The media mostly ignore other Republican women, like Gov. Susana Martinez of New Mexico -- at least for now.

"We're less on testosterone," Democratic Sen. Dianne Feinstein of California told Ms. Sawyer. "We don't have that need to always be confrontational. And I think we're problem solvers, and I think that's what this country needs." Lisa Murkowski, Republican of Alaska, agreed.

So testosterone is to blame for the fact that male senators are so combative and that Congress continues to founder? Imagine a male suggesting that estrogen hampers women from performing well at their jobs. You don't have to imagine. Some men have said that and worse, to their shame, and society and ultimately history itself was right to denounce them.

But after all the talk about female bonding and how women and men have different approaches to solving problems, what does that mean? Does it mean that a Democratic female senator who is pro-choice on abortion and favors same-sex marriage, bigger roles for government, more spending and higher taxes will be able to find common ground with a Republican female senator who takes the opposite positions? I doubt it.
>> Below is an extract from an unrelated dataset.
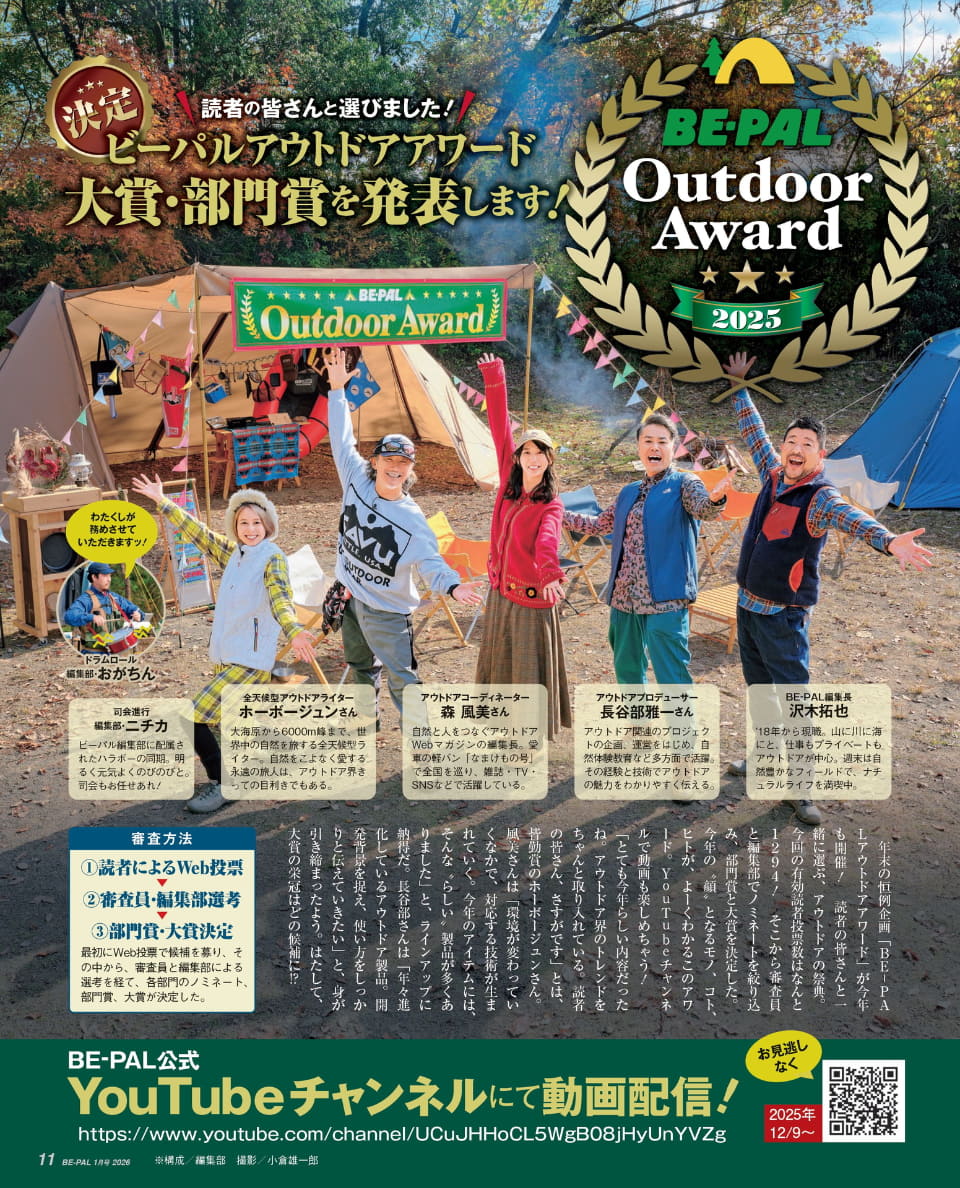 小学館は12月9日、「モンベル アウトドア “タフ” ケース」が付録のBE-PAL 2026年1月号を発売した。価格は1500円。

This double standard seems not only to apply to gender but also to race. Consider the disparaging things said about Tim Scott, the new senator from South Carolina, a replacement for the retired Jim DeMint. Mr. Scott is black, but his race does not endear him to liberals. He probably won't be embraced by the NAACP, whose president accused him of not believing in civil rights, having received an "F" on the NAACP's civil rights scorecard, which judges legislators on their votes on "civil rights" issues. In fact, Mr. Scott is just as much an example of the advancement of civil rights for blacks as those female senators are examples of progress for women.

In the end, it isn't about gender or race, but ideology. When they speak of "women's issues," for example, the left seems to think that all women think alike, or should. The same for African-Americans and civil rights. I think the right correctly sees content of character and ideas as superior to gender and skin color.
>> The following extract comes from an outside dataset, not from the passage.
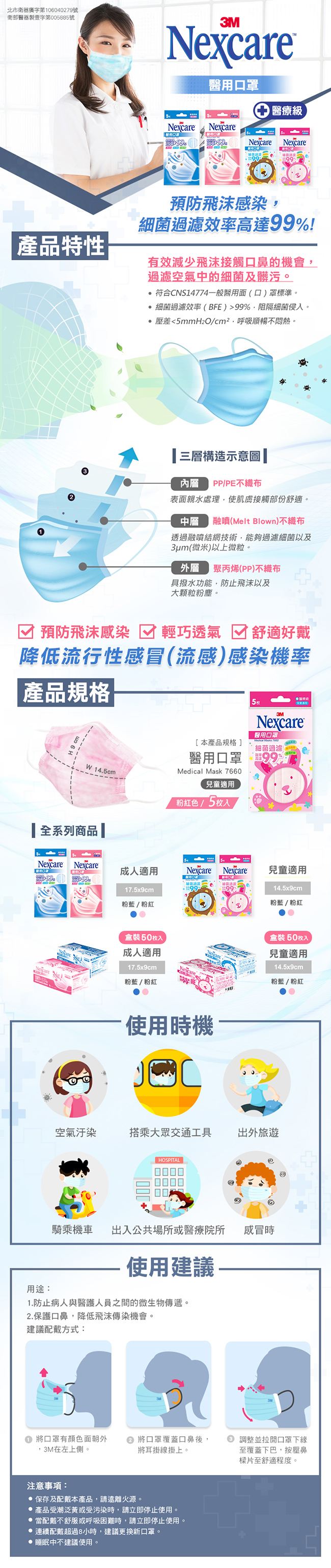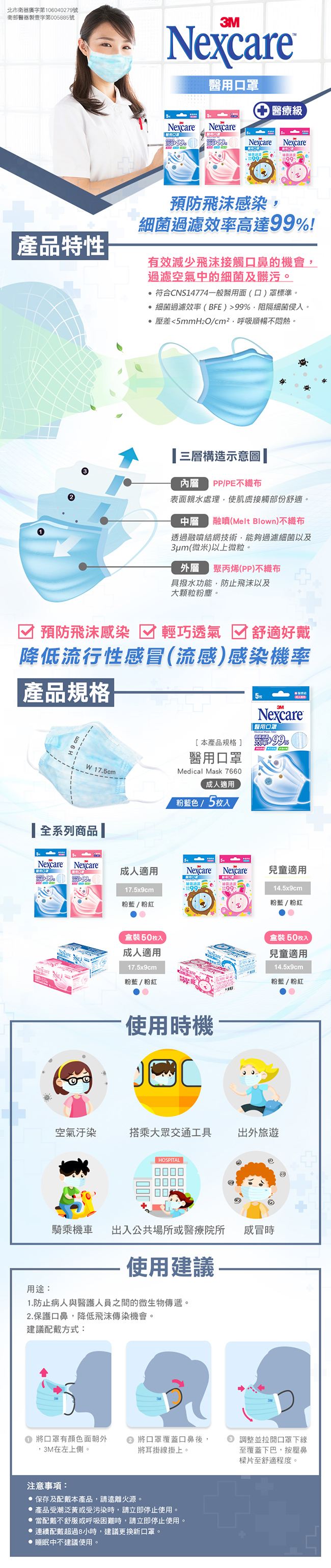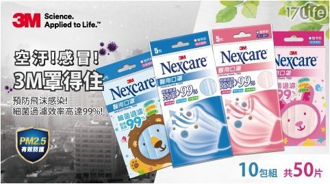 3M Nexcare成人用口罩(5片/包)共50片入-粉/粉本季折扣活

In the interview with Diane Sawyer, Sen. Claire McCaskill, Democrat of Missouri, said that by nature women are "less confrontational." Really? Ms. McCaskill must never have met the leaders of the women's movement whose disciples are among her colleagues. The chair of the Democratic National Committee, Rep. Debbie Wasserman Schultz of Florida, is no shrinking violet.

I'm not betting on estrogen besting testosterone to "get things done," forge compromise and defuse confrontation, especially given the history of some very uncompromising female leaders like Cleopatra, Catherine the Great, underground railroad "conductor" Harriet Tubman, the late Rep. Bella Abzug of New York, or British Prime Minister Margaret Thatcher. In fact, these women exhibited more testicular fortitude than some men, which, in the case of the conservative Ms. Thatcher, likely had a lot to do with why her male colleagues dumped her as party leader.